__To do__
Print the lines below word for word, beginning with the first and ending with the line that holds "Fig. 6.5 Women", and skip every picture.
· · ·
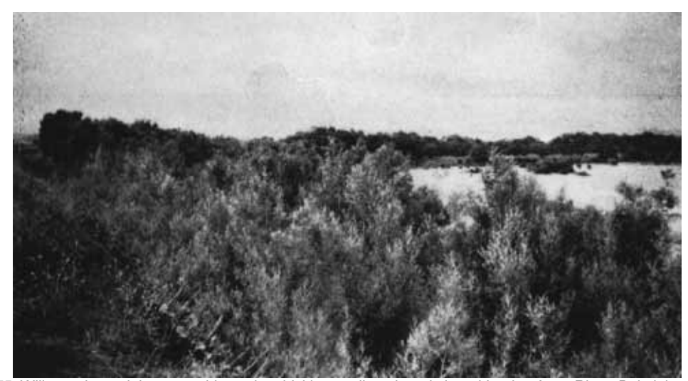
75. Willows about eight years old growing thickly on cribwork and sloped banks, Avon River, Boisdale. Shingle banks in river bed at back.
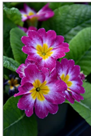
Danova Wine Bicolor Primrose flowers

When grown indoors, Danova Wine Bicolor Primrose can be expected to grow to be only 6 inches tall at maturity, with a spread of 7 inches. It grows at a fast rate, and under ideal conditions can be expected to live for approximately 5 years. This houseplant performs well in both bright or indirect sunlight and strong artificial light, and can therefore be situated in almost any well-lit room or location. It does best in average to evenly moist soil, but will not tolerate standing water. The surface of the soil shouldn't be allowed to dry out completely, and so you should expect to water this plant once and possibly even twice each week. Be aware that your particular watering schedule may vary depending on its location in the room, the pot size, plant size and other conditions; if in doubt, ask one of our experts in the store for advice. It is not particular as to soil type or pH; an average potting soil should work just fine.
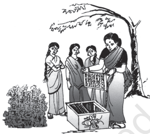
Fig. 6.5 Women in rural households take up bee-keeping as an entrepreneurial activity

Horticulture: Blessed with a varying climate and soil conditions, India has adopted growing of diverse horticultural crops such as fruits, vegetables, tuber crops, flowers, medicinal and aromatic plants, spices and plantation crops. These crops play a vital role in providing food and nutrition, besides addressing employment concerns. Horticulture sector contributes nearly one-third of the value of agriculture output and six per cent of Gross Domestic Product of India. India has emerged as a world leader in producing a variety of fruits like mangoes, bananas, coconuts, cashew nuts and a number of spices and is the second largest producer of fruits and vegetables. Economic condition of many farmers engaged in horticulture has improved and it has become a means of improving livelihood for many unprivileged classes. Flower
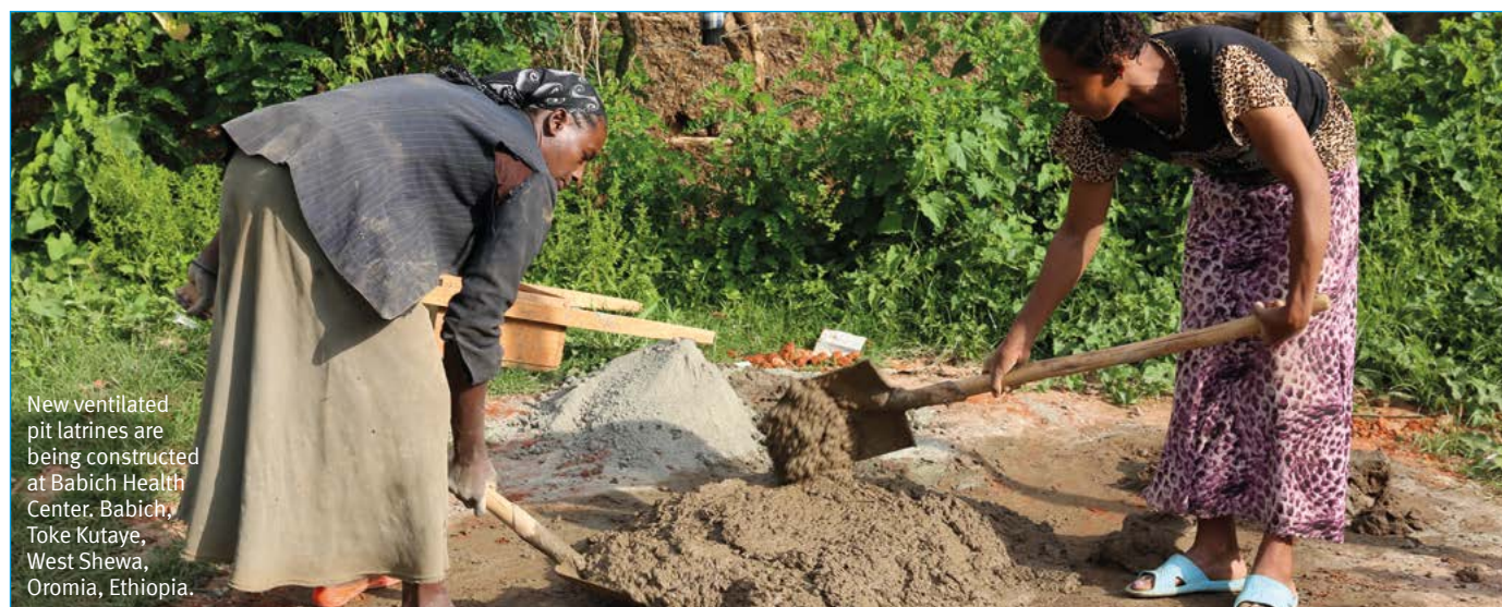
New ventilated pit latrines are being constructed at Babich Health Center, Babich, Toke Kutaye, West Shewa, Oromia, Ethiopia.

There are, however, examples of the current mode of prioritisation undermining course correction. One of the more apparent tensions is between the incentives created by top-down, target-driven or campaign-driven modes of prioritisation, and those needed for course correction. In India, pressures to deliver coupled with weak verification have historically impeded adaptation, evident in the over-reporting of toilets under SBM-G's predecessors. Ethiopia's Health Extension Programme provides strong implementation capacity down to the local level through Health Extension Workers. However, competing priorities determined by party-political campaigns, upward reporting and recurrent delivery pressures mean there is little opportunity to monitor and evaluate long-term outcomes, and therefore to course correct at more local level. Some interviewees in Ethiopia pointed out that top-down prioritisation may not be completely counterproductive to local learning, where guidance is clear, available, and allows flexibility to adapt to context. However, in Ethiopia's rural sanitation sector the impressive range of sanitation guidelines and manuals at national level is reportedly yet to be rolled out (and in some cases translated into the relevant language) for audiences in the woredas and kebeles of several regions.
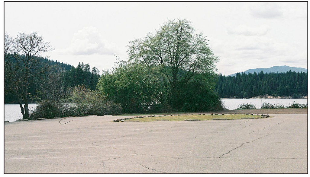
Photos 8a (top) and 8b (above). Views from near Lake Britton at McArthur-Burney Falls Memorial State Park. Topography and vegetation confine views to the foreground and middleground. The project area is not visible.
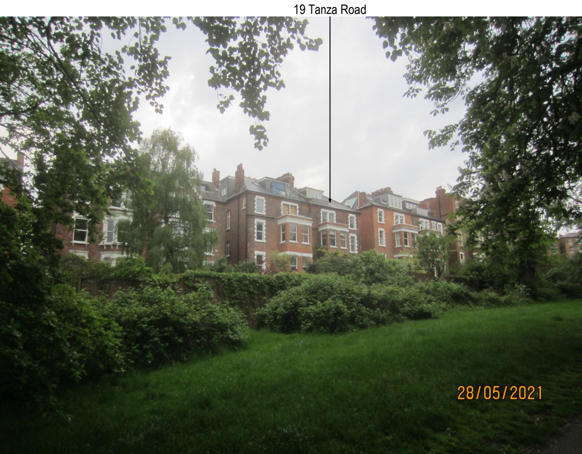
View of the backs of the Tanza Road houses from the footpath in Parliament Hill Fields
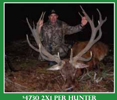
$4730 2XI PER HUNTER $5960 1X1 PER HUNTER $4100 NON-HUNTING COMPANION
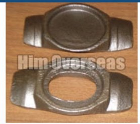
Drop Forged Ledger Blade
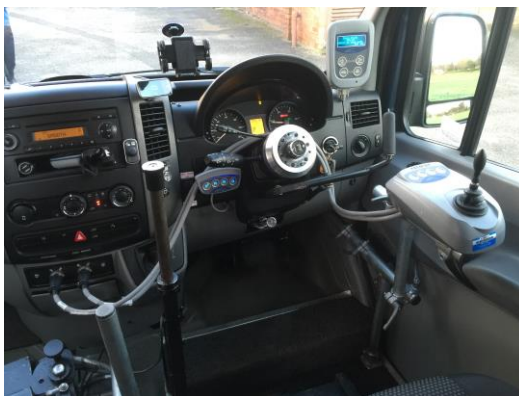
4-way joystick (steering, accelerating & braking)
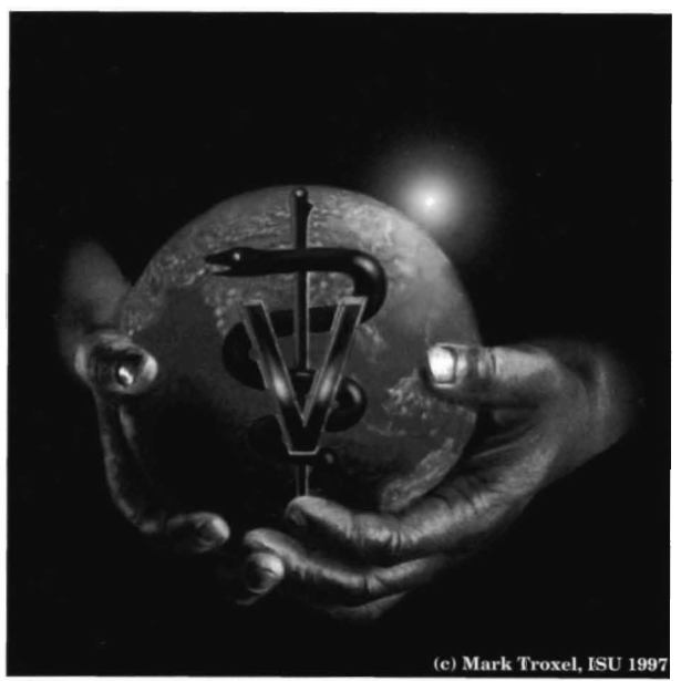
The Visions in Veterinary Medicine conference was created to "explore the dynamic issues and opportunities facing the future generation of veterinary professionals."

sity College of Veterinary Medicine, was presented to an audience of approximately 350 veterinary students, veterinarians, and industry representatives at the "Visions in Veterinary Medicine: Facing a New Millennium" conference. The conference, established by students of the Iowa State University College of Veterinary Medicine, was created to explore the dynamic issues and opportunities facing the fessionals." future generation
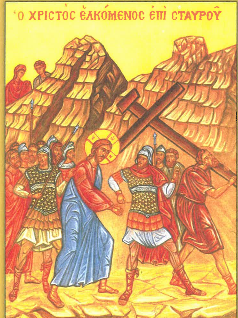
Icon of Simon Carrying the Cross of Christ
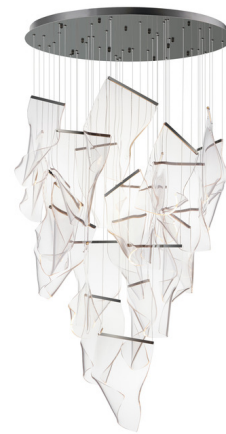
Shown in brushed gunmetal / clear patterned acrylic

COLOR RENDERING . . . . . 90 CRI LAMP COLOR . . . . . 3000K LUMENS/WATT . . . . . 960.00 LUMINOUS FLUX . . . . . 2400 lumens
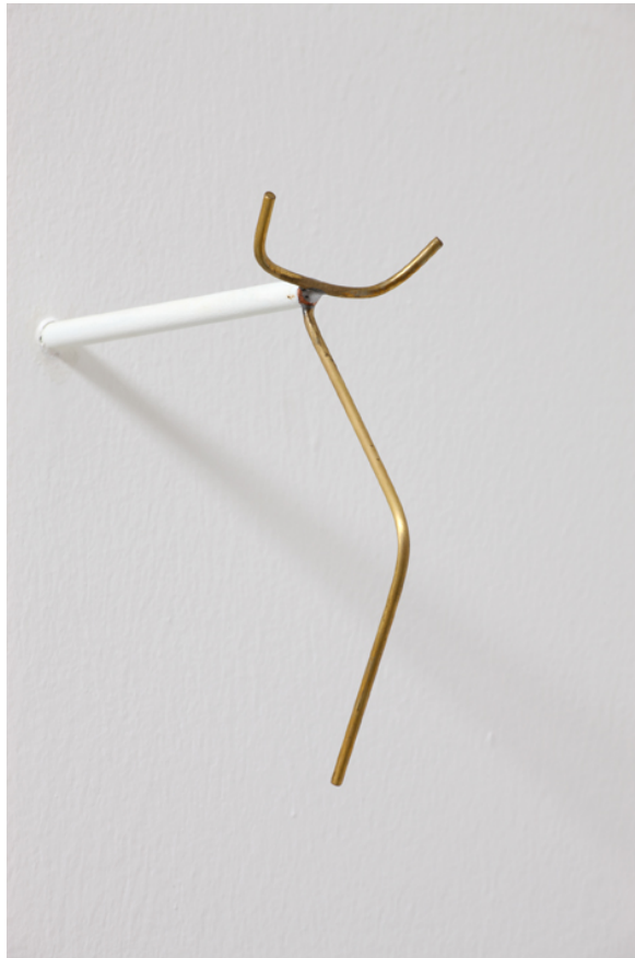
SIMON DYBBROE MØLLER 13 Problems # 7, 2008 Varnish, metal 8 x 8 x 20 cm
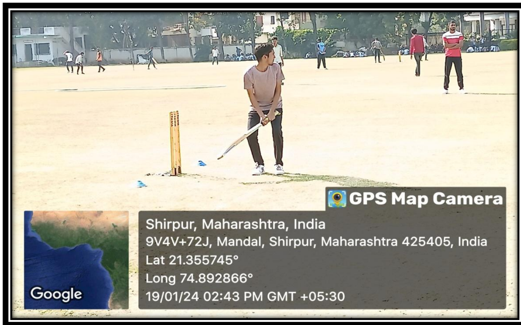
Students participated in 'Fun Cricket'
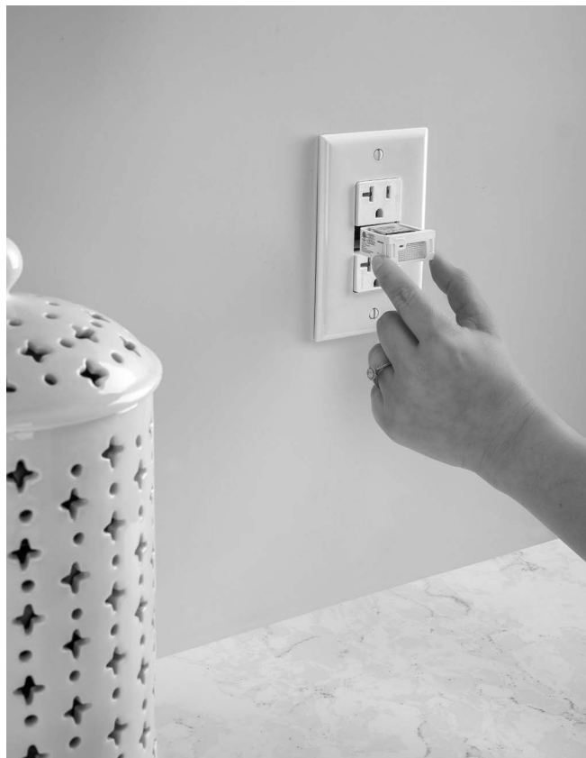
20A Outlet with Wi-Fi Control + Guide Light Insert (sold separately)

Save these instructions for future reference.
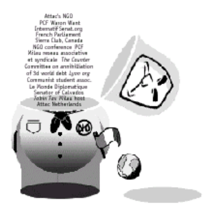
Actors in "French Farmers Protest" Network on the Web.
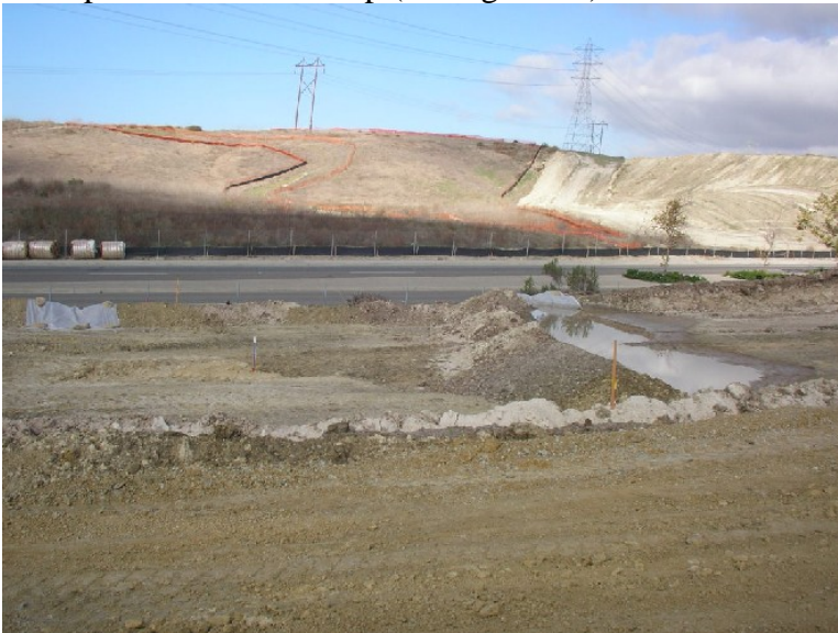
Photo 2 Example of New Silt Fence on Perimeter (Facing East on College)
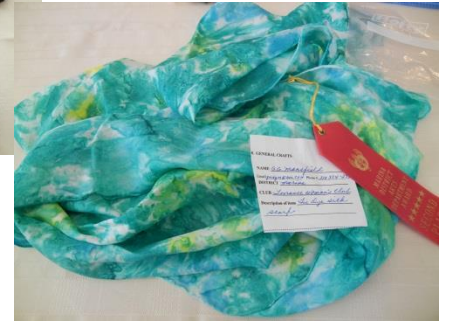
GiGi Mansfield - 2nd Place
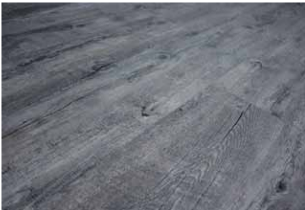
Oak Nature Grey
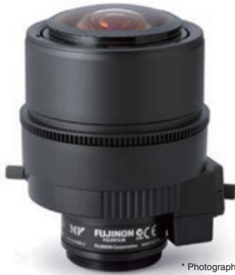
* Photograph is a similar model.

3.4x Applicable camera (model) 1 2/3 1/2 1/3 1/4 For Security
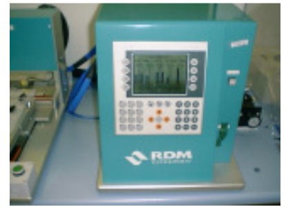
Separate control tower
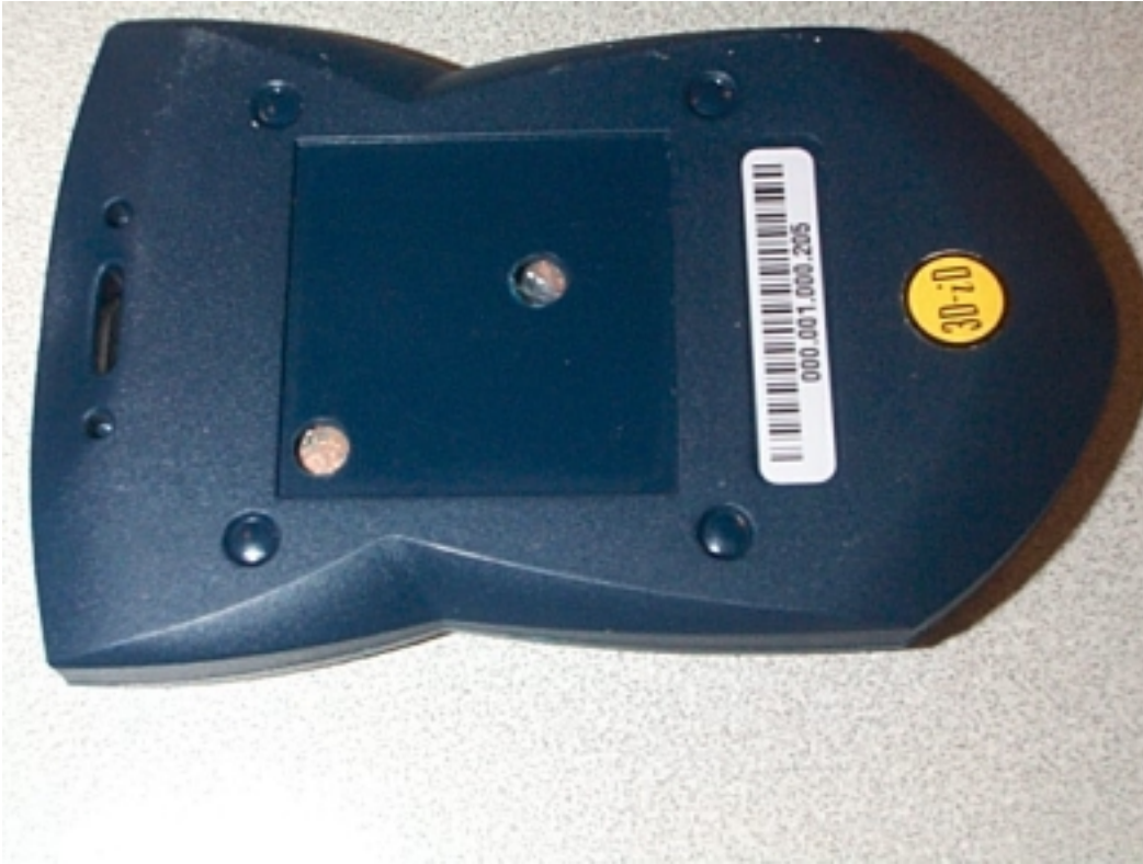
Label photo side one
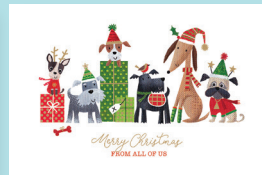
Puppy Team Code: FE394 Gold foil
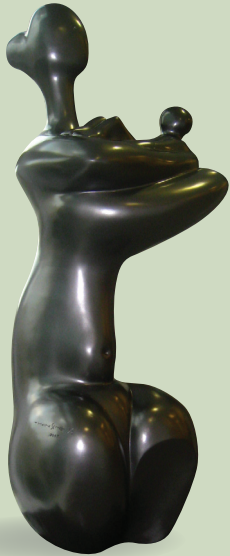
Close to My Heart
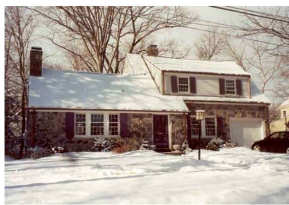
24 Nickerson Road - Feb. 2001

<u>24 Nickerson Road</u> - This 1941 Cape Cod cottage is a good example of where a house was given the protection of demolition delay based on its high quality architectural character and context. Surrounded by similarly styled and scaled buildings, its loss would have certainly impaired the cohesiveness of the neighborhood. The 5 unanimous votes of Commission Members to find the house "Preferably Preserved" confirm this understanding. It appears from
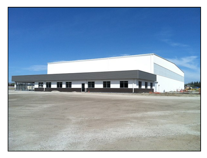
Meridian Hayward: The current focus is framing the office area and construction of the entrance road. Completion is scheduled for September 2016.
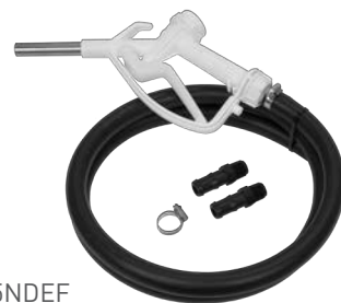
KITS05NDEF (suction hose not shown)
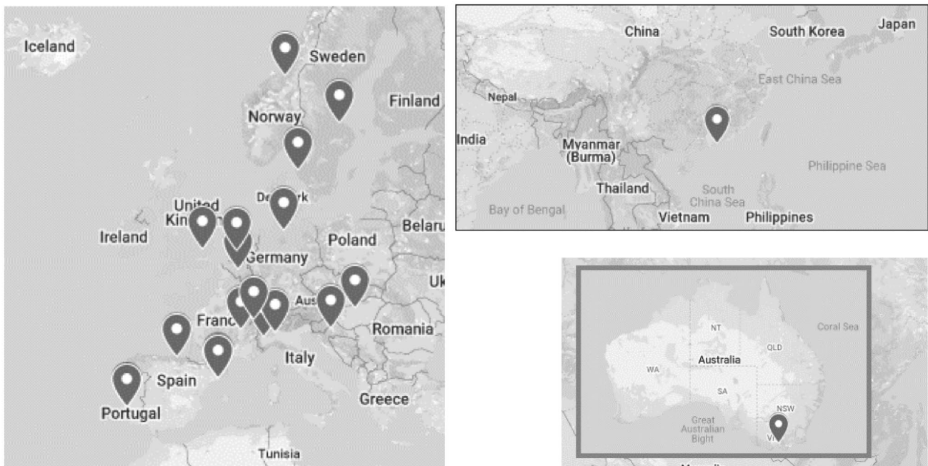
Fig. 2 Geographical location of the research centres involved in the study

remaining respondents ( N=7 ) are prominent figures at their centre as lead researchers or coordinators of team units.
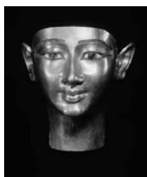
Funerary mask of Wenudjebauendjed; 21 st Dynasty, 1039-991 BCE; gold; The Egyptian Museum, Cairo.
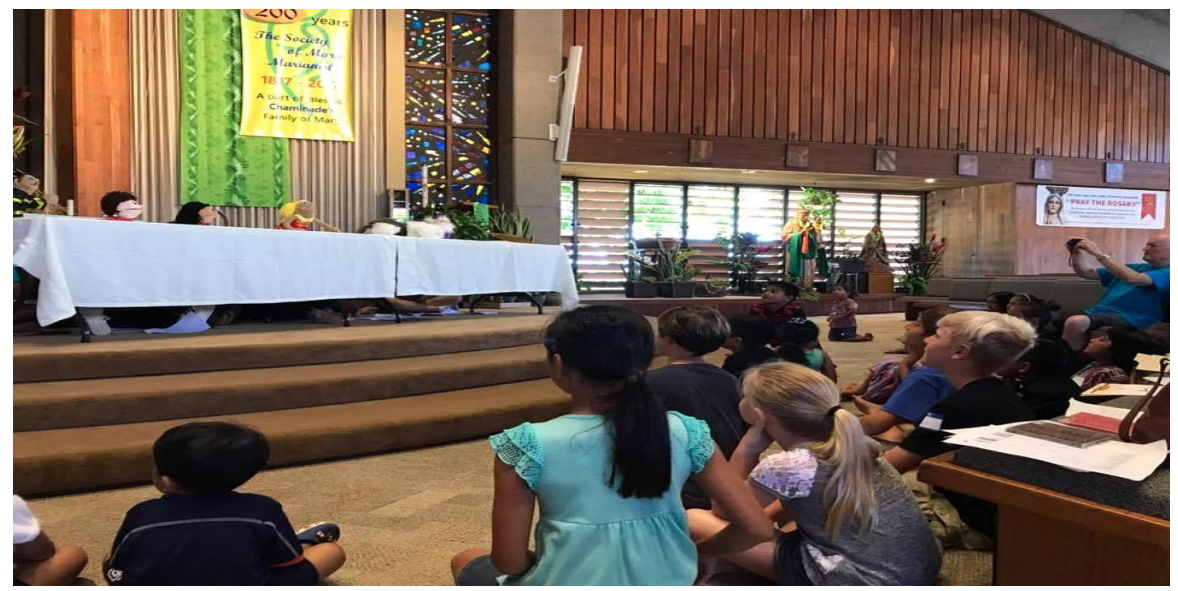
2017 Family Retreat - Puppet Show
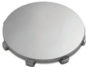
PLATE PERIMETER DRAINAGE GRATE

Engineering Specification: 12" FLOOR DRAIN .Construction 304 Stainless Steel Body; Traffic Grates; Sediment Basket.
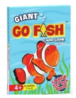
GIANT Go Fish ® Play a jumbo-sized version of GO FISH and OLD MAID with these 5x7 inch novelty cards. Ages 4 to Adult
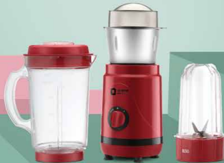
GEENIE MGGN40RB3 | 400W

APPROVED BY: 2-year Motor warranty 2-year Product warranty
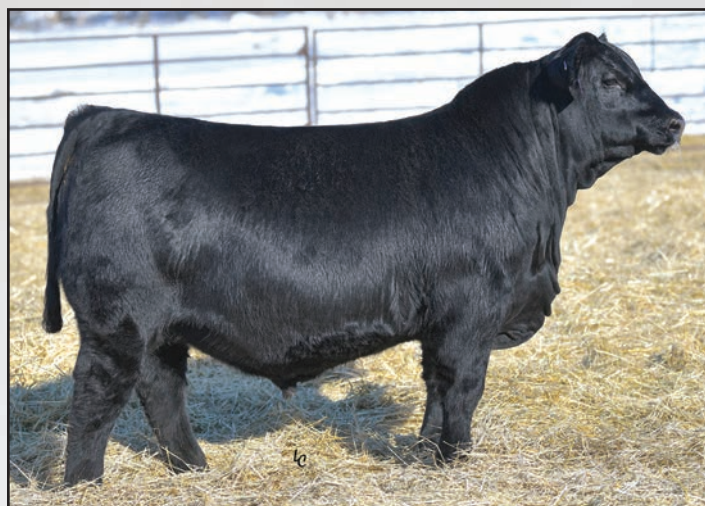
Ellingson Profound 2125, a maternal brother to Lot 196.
· · ·
__Result of the task__
75. Willows about eight years old growing thickly on cribwork and sloped banks, Avon River, Boisdale. Shingle banks in river bed at back.
Danova Wine Bicolor Primrose flowers

When grown indoors, Danova Wine Bicolor Primrose can be expected to grow to be only 6 inches tall at maturity, with a spread of 7 inches. It grows at a fast rate, and under ideal conditions can be expected to live for approximately 5 years. This houseplant performs well in both bright or indirect sunlight and strong artificial light, and can therefore be situated in almost any well-lit room or location. It does best in average to evenly moist soil, but will not tolerate standing water. The surface of the soil shouldn't be allowed to dry out completely, and so you should expect to water this plant once and possibly even twice each week. Be aware that your particular watering schedule may vary depending on its location in the room, the pot size, plant size and other conditions; if in doubt, ask one of our experts in the store for advice. It is not particular as to soil type or pH; an average potting soil should work just fine.
Fig. 6.5 Women in rural households take up bee-keeping as an entrepreneurial activity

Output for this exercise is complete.